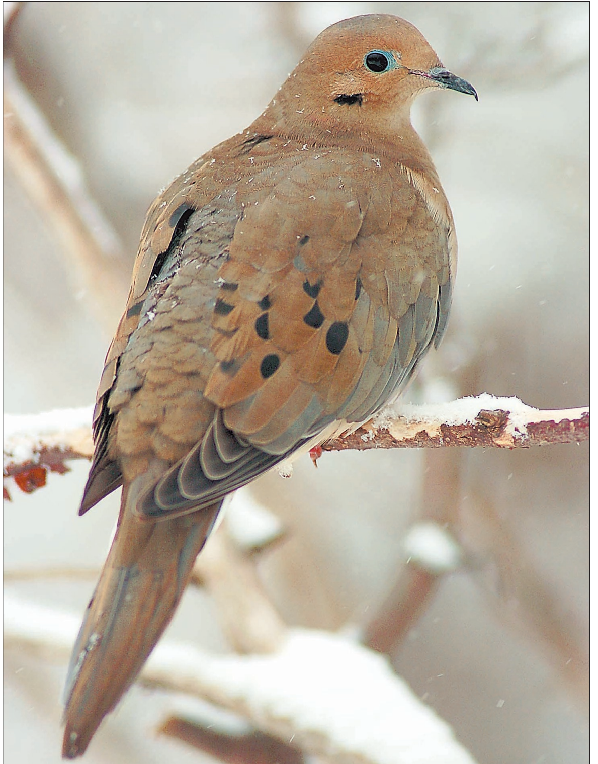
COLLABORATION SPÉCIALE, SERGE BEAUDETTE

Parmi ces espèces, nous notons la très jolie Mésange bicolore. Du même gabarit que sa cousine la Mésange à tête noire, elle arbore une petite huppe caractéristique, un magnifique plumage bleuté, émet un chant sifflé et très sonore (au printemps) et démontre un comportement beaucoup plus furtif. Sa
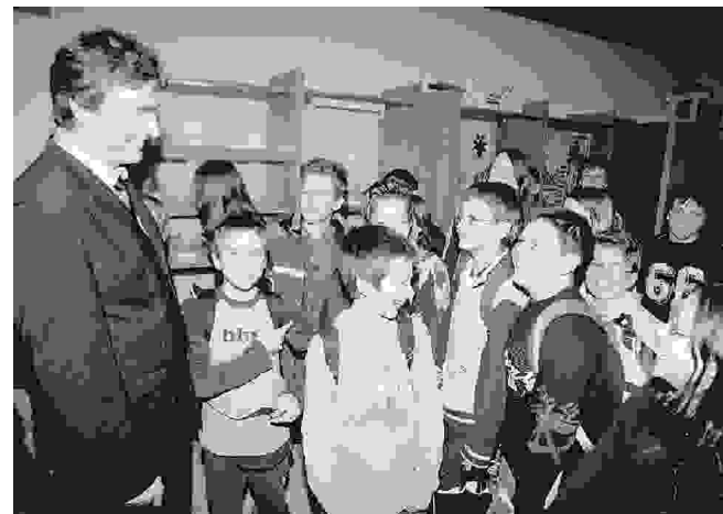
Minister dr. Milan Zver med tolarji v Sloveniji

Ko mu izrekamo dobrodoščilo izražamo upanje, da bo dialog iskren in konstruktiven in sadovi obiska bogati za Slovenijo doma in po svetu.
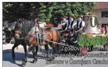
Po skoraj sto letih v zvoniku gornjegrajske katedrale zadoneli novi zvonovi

--------

_Work task_
Beginning with the line that bears "Parmi ces espèces, nous", output each line through the last line of the listing exactly, and no others; skip the pictures.

_Written answer_
Parmi ces espèces, nous notons la très jolie Mésange bicolore. Du même gabarit que sa cousine la Mésange à tête noire, elle arbore une petite huppe caractéristique, un magnifique plumage bleuté, émet un chant sifflé et très sonore (au printemps) et démontre un comportement beaucoup plus furtif. Sa
Minister dr. Milan Zver med tolarji v Sloveniji

Ko mu izrekamo dobrodoščilo izražamo upanje, da bo dialog iskren in konstruktiven in sadovi obiska bogati za Slovenijo doma in po svetu.
Po skoraj sto letih v zvoniku gornjegrajske katedrale zadoneli novi zvonovi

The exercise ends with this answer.